The United States is losing its appeal as leading global center for stock market flotations, hit by restrictive regulations and competition from other financial centres, a survey of American lawyers showed on Thursday.
Just over 70 percent of a 50-strong sample of transaction attorneys, whose firms advised on three-quarters of initial public offerings (IPO) listed on major U.S. exchanges this year, said the country is losing its attraction as IPO venue of choice.
The simple fact is that as the U.S. regulatory environment has become more restrictive, other global exchanges have become more sophisticated and liquid and therefore have gained market share, said Joshua Ford Bonnie, a partner at Simpson Thacher & Bartlett.
Companies considering an IPO in the United States will have to come to terms with the so-called Dodd-Frank financial reform, which affects among other things the governance and disclosure landscape.
The new environment aims at reducing systemic risks by establishing claw-back policies and the exposure of corporate fraud through whistleblower protection and incentives.
However, the regulatory regime will not deter Chinese companies, which all the respondents to the KCSA Strategic Communications poll saw as strong drivers of U.S.-based IPO activity in 2011.
We expect that Chinese companies will, at least in the near term, continue to list on U.S. exchanges due to the more clearly defined listing rules and regulations and the perceived stability and prestige of the U.S. markets, said Colin Diamond, partner at law firm White & Case.
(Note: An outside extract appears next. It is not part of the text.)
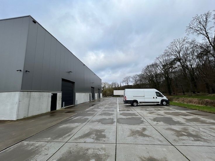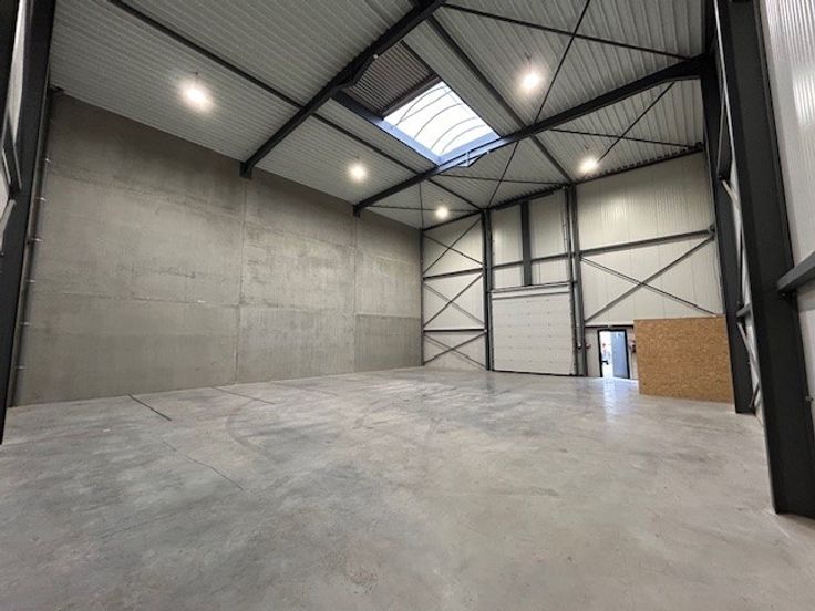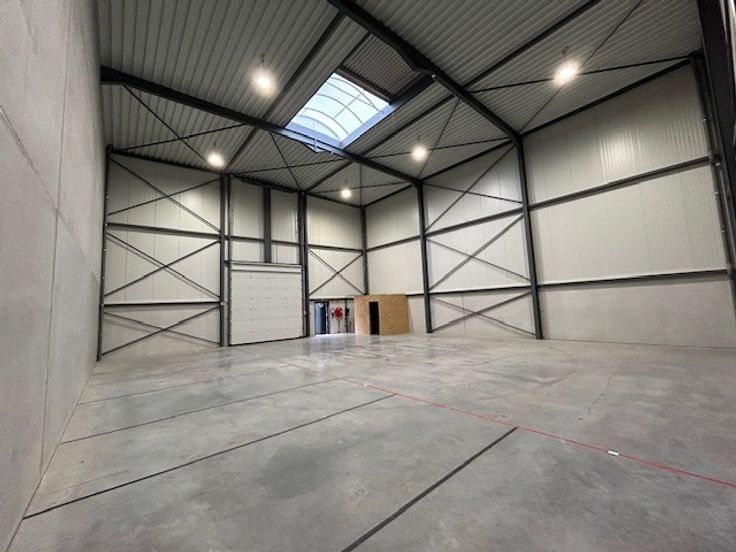 Het magazijn bevindt zich langs de achterkant van het bedrijfsgebouw. Het heeft een eigen toegangsdeur en sectionale poort. De vrije hoogte bedraagt 8m.

Lawyers are also expecting companies based in other emerging economies to contribute to IPO traffic, with 37 and 30 percent of respondents naming Brazil and India respectively as countries that will drive global IPO issuance.
Despite concern over the U.S. position as a global IPO hub, sentiment for next year's IPO market was positive, with 77 percent of those surveyed anticipating a stronger IPO market in 2011.
Private equity-backed companies will dominate the IPO landscape in 2011, according to 74 percent of attorneys surveyed, with technology and life science as the top two sectors driving issuance.